White Lights
WHITE LIGHTS, 1995
Refettorio delle Stelline, galleria Credito Valtellinese, Milan
10 fixed slide-projections on wall, 20 video, 20 channels sound diffusion of female
recorded voices. m 60×6,50
About this work
Silvio Wolf has designed Luci Bianche (White Lights) working on the memory of the Refettorio (Refectory), the iconography of the Stelline (Little Stars: the name of the female orphans who once lived there), and the architectural space of the former female orphanage.
The artist was inspired by the original images that he researched in the historical archive of Pio Albergo Trivulzio, another historical institution in Milan; he photographically transformed and simultaneously projected them in a fixed form on the North wall of the space. This creates a single 65-meter-long image that seamlessly represents the Stelline’s faces transfigured by light.
The alternating of presence and absence of white light reflected from the wall gives life to an original binary code: a constellation of new faces is fixed to the architectural structure of the Refettorio.
The rooting with the history of the place is also represented by the presence of ten tables placed along the South side of the gallery, according to the arrangement of the original dining tables.
They scan the space along its entire length and 20 tv sets are placed on them.
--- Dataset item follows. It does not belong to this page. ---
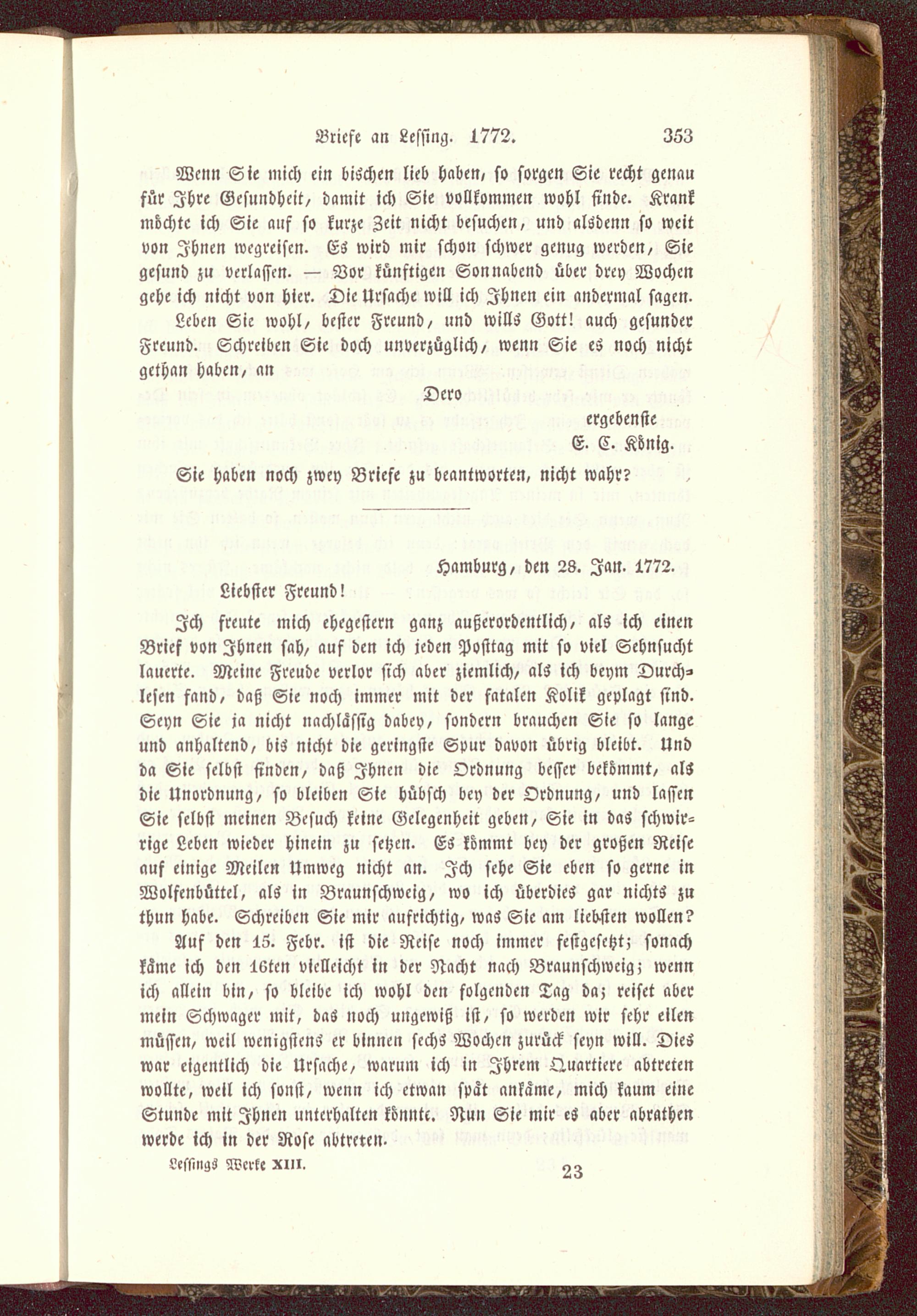 Ich freute mich chegestern ganz außerordentlich, als ich einenBrief von Ihnen sah, auf den ich jeden Posttag mit so viel Sehnsuchtlauerte. Meine Freude verlor sich aber ziemlich, als ich beym Durch-lesen fand, daß Sie noch immer mit der fatalen Kolik geplagt find.Seyn Sie ja nicht nachlässig dabey, sondern brauchen Sie so langeund anhaltend, bis nicht die geringste Spur davon übrig bleibt. Undda Sie selbst finden, daß Ihnen die Ordnung besser bekömmt, alsdie Unordnung, so bleiben Sie hübsch bey der Ordnung, und lassenSie selbst meinen Besuch keine Gelegenheit geben, Sie in das schwir-rige Leben wieder hinein zu setzen. ES kömmt bey der großen Reiseauf einige Meilen Umweg nicht an. Ich sehe Sie eben so gerne inWolfenbüttel , als in Braunschwcig, wo ich überdies gar nichts zuthun habe. Schreiben Sie mir aufrichtig, was Sie am liebsten wollen?

The simultaneous broadcast of the videos diffuses the uninterrupted flow of the Stars faces in the hall.
Fragments of white voices emitted by each video channel elaborate the sound memory of of the community that inhabited this place for more than two centuries until the ’70s of the XX Century.
Silvio Wolf acts on time and space through the creation of new generations of images.
The place and light are together the object and means of his work. Origins and new creations interact in the very space that originally generated them. The photographic images, videos and digital sounds actualize and transform its memory. The welding between intangible elements of tradition and contemporary languages is the key to the symbolic reading of this work.